FILE - Former FBI Director James Comey speaks to reporters on Capitol Hill Washington, Dec. 17, 2018. The commissioner of the Internal Revenue Service has asked the Treasury Department’s inspector general to immediately review the circumstances surrounding intensive tax audits that targeted ex-FBI Director James Comey and ex-Deputy Director Andrew McCabe. (AP Photo/J. Scott Applewhite, File)
Former FBI director James Comey pleaded not guilty Wednesday to charges that he made a false statement and obstructed a congressional proceeding during his testimony before a Senate committee in September 2020. That day, Mr. Comey denied authorizing someone else at the FBI to be an anonymous source in news reports regarding a probe of Hillary Clinton and her emails when she was the 2016 Democratic Party’s presidential nominee.
When he was indicted in late September, he said, “I am not afraid. My family and I have known for years that there are costs to standing up to Donald Trump.”

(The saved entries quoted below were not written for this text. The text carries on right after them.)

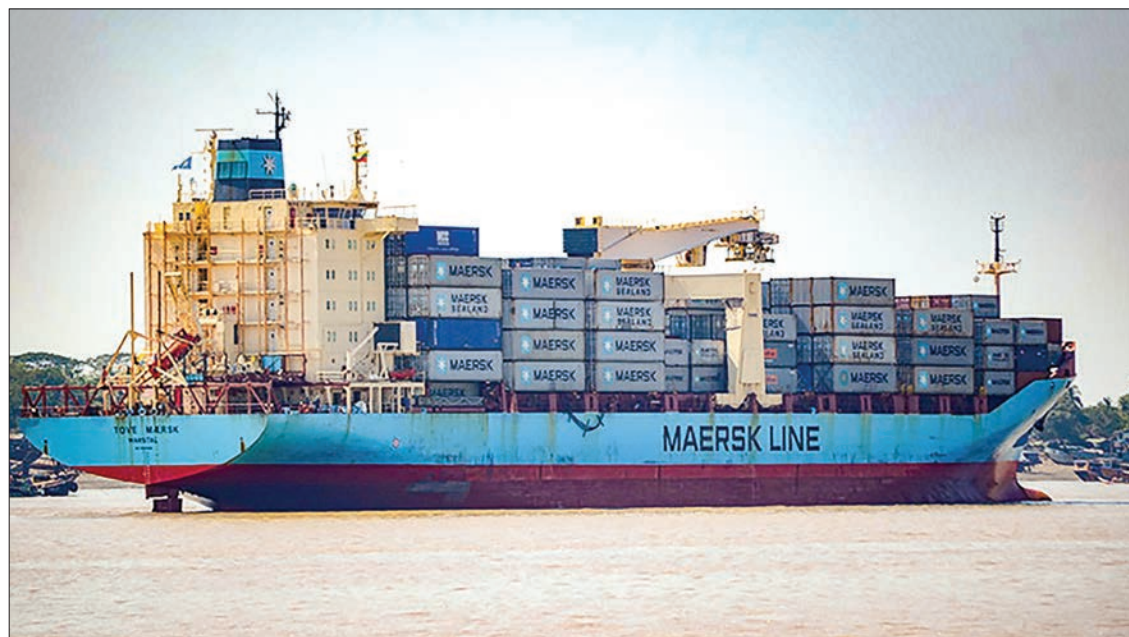
A container ship crossing the Yangon River.

The government is trying to cut the trade deficit by screening luxury import items and boosting exports. Myanmar's trade deficit was pegged at $1.14 billion in the 2018-2019 fiscal year, $1.3 billion in the last mini-budget period (April-September, 2018), $3.9 billion in the 2017-2018FY, $5.3
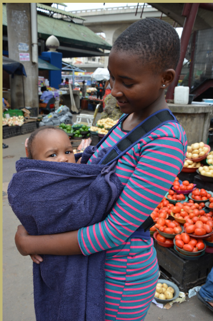
WIEGO undertook exploratory research in Accra, Ghana and Durban, South Africa on child care and women's economic empowerment.
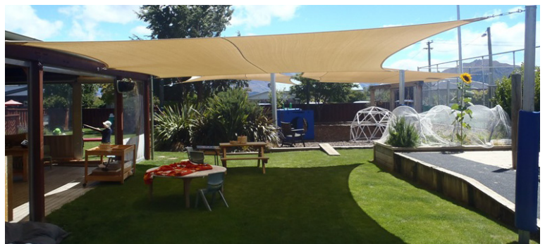
Aspiring Beginnings Learning Centre, Wanaka
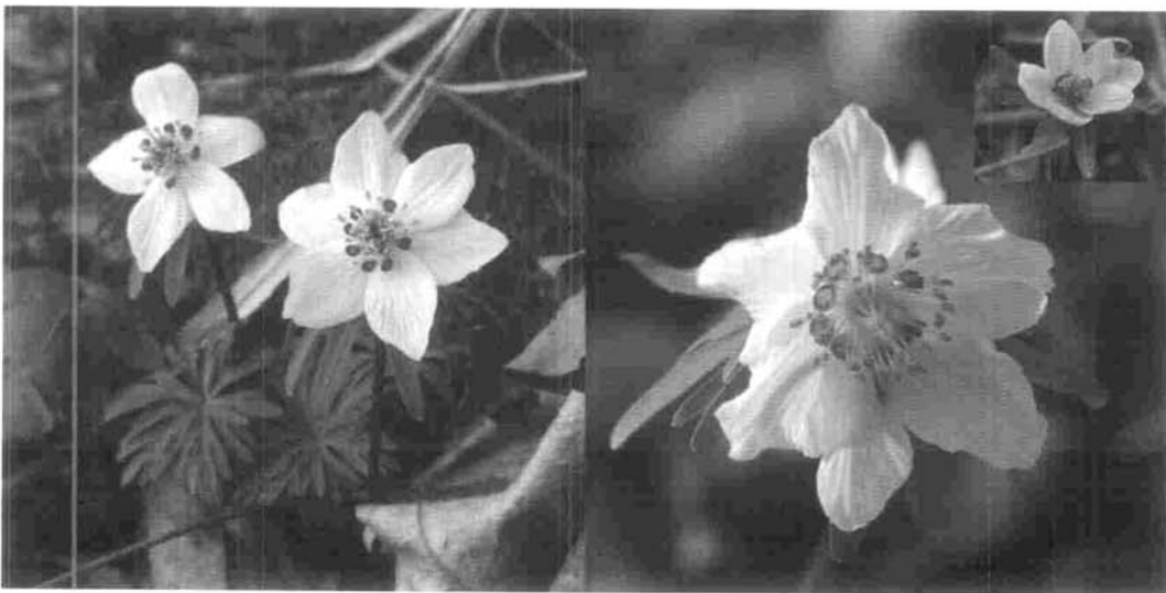
Fig. 2. Photograph of Flowers on Eranthis pungdoensis at type locality.

If you are convinced that Mr. Comey is being unfairly prosecuted for such opposition, I doubt there is anything I can say today to convince you of his guilt. Similarly, if you are convinced that Mr. Comey is being fairly prosecuted, I doubt there is anything I can say today to convince you of his innocence.

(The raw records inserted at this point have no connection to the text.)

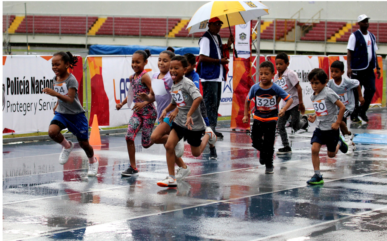
It may be raining but these youth athletes don't seem to mind as they burst from the start line in Panama City (PAN)
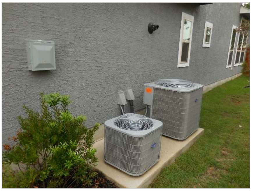
View of condenser units.

Maintenance Tips: A/C filters should be routinely changed or cleaned for efficient operation. The area around the condensing unit should be kept clean. To prevent condensate drain clogging, have your system serviced regularly and pour ½-cup of bleach or white distilled vinegar in the pour spout three times during the warm season when the air conditioner is working. It will kill algae and bacteria. Do not pour bleach in the pour spout in cold weather when the heat is working. The bleach needs to mix with condensate otherwise it will gradually eat away at the PVC. It is recommended that you use the vinegar every three months.
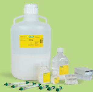
Process purification bottles, columns, and plates.
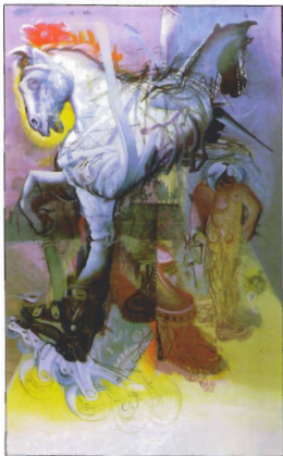
Wolfgang Petrick. Sprung , oil on canvas

Time: 6:00p.m. • Tickets: $6 donation per person at door
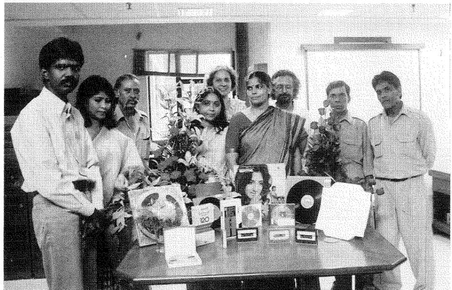
On the 1st of September this year, ARCE completed 20 years. It was a time to celebrate and reflect, and the staff at ARCE did just that. ARCE staff with the first recordings received at their archive.
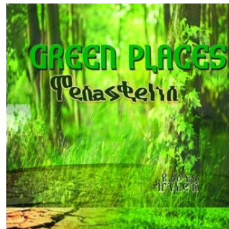
VINYL ONLY LP 19,99€

(GREEN COLOUR VINYL PRESS)..... GREEN PLACES (VOCAL & DUB).... ROOTS HITEK.... (GBR) (16/17). 19.99EUR
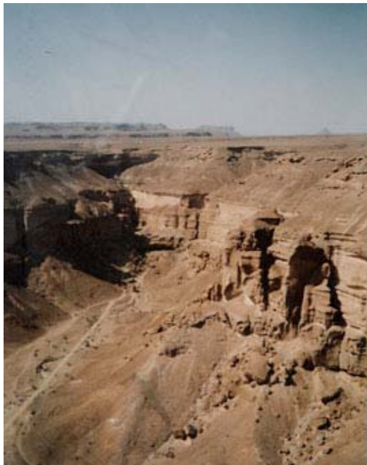
Mixing cement in the time-honored Third World way

This fact applies to far more than James Comey or partisan politics.
“I cannot save and sanctify myself”
St. Ignatius of Antioch, who was martyred around AD 107, called himself “Theophorus,” which means “God-bearer.” He did not mean that he was unique in this way, even though early tradition suggested that he was one of the children Jesus took in his arms and blessed (Mark 10:13–16).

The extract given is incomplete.